Here is the beginning of the abstract. "This work
presents a new approach with details on the integrated
platform and hardware architecture for nanorobots
application in epidemic control, which should enable
real time in vivo prognosis of biohazard infection. The
recent developments in the field of nanoelectronics,
with transducers progressively shrinking down to smaller
sizes through nanotechnology and carbon nanotubes, are
expected to result in innovative biomedical
instrumentation possibilities, with new therapies and
efficient diagnosis methodologies. The use of integrated
systems, smart biosensors, and programmable nanodevices
are advancing nanoelectronics, enabling the progressive
research and development of molecular machines."

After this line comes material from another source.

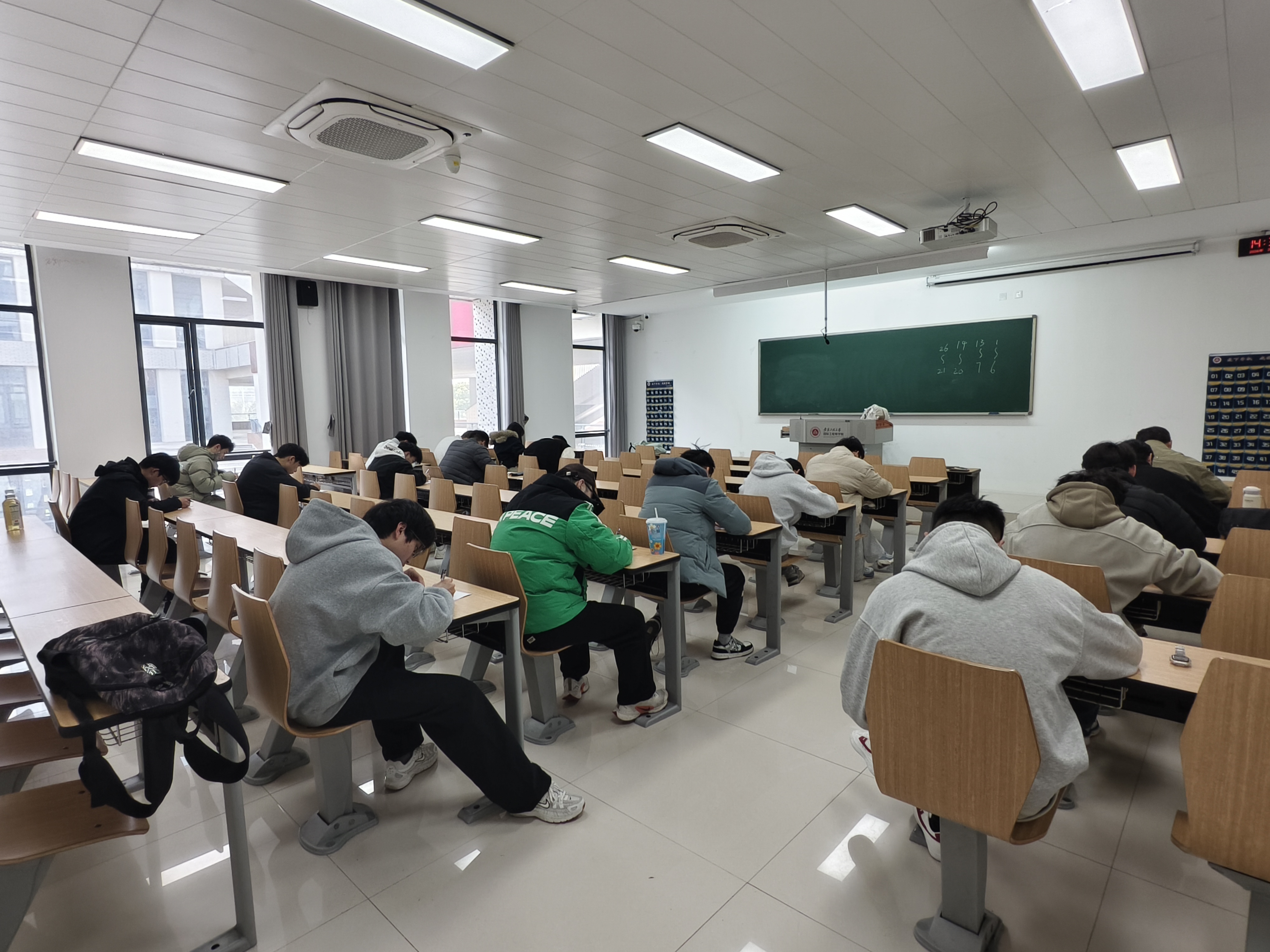 考风严明,展现优良学风风貌。模考当天,学习中心气氛紧张而专注。考场内纪律严明,同学们自觉遵守考场规定,沉着应对每一道难题。稿纸上密密麻麻的演算步骤,展现了学子们扎实的知识功底和迎难而上的精神面貌,也成为学院优良学风建设的生动缩影。

This is the beginning of the conclusions. "This work
used a 3D approach to show how nanorobots can
effectively improve health care and medical defense.
Nanorobots should enable innovative real time protection
against pandemic outbreaks. The use of nanomechatronics
techniques and computational nanotechnology can help in
the process of transducers investigation and in defining
strategies to integrate nanorobot capabilities. A better
comprehension about the requirements a nanorobot should
address, in order to be successfully used for in vivo
instrumentation, is a key issue for the fast development
of medical nanorobotics."
And here is how nanorobots could be used in fields
such as medicine and defense technology to lead us
towards a safer future. "The use of nanorobots for in
vivo monitoring chemical parameters should significantly
increase fast strategic decisions. Thus, nanorobot for
medical defense means an effective way to avoid an
aggressive pandemic disease to spread into an outbreak.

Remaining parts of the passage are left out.